The sellout of a tax deal has been signed into law. Despite all our best efforts, all the efforts of thousands of groups, hundreds of thousands of individuals, and a few stand-up politicians, we appear helpless to resist the onslaught of the “starve the beast” strategy (except for war, policing & corporate giveaways).
The utter failure of the Obama Administration to stand up to the rightwing assault on lower and middle-income workers, families, and communities has left many angry and feeling powerless.
It is truly dispiriting.
I believe, however, that there is a silver lining. For the first time in a long time, there appears to be a groundswell of recognition that what has happened is in large part due to the lack of a progressive social movement to counterbalance the power of the oligarchy and its Tea Party ground troops. Union leaders, community-based organizing coalitions, progressive beltway think tanks, and many others who have traditionally put most of their strategic eggs in the basket of support for the liberal wing of the Democratic Party, are calling for strategies that will build an independent movement.
And many voices have been raising the need for a unifying, values-based narrative to counter the ultra-conservative blame the victim, blame big government, blame unions, blame Muslims, blame immigrants story amplified by Fox News and mainstream media echo chamber.
More and more progressives are recognizing the importance of organizing, not just mobilizing, and perhaps most important of all, the need for unity across issues and constituencies. As George Lakoff explained:
“Those of us outside of government have to organize that unified movement, and not be limited by specific issue areas.

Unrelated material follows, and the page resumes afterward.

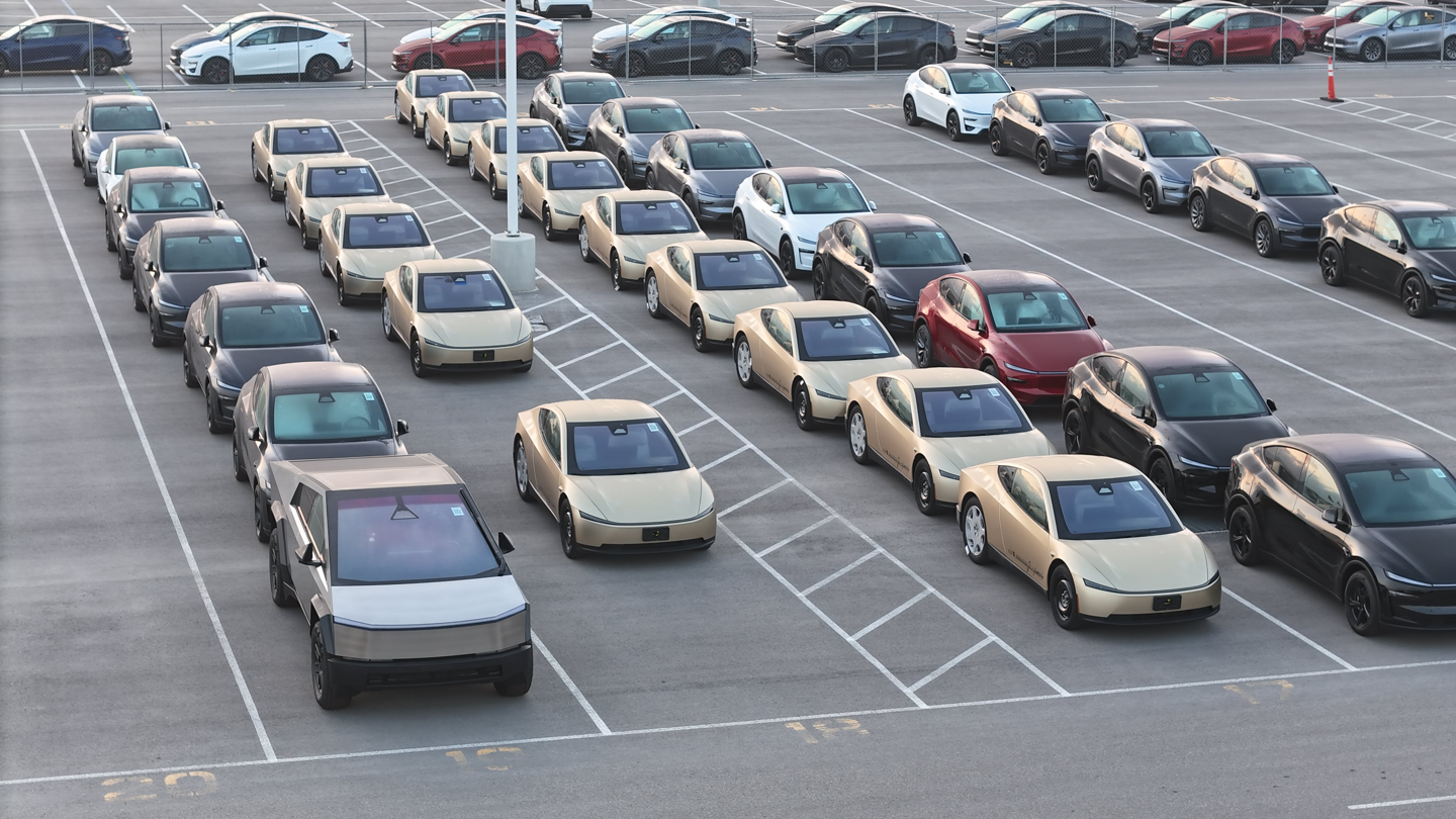 相比之下,此前在碰撞测试区域出现的测试车曾配备临时方向盘和踏板,以满足数据采集阶段的监管要求。此次出厂区的车辆则已采用量产规格,包括轮圈和轮胎标识,整体状态接近可交付。

The movement is about progressivism, not just about environmentalism, or social justice, or labor, or education, or health, or peace. The general principles govern them all.”

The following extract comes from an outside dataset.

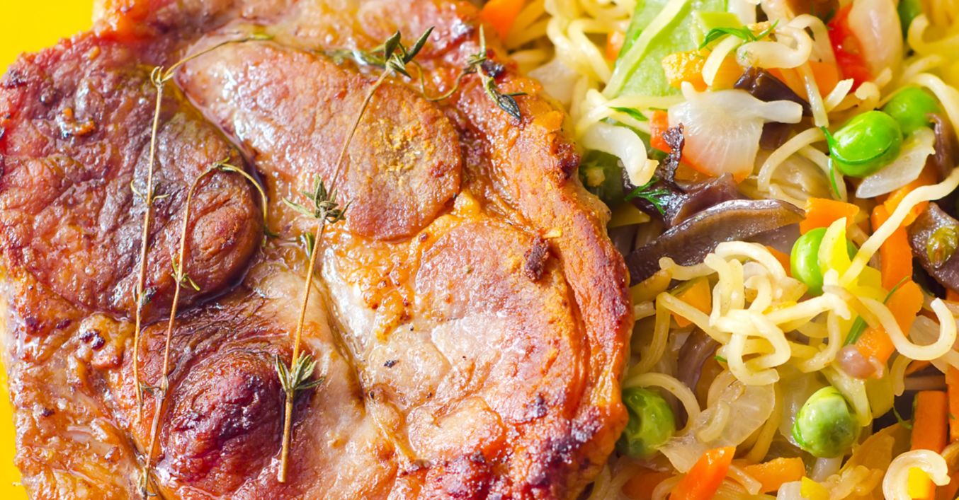 Se montează farfuriile aranjându-se o bucată de ceafă și garnitură de legume.

There is an opportunity here to put aside our notions of turf and any “we’ve got the key facts or the correct analysis or the pipeline to people in power” mentalities. We may need to let go of our egos and keep our eyes on the prize and get some agreement about those general principles.
To my colleagues:
I am proud to be part of the extraordinary work you do day in and day out, and am amazed at how, even with our resource constraints, you still manage to ramp up the intensity when needed. We are suffering defeats but our efforts are not for naught.
Seeds may stay dormant for years before springing to life. I am grateful for the work you do in the garden.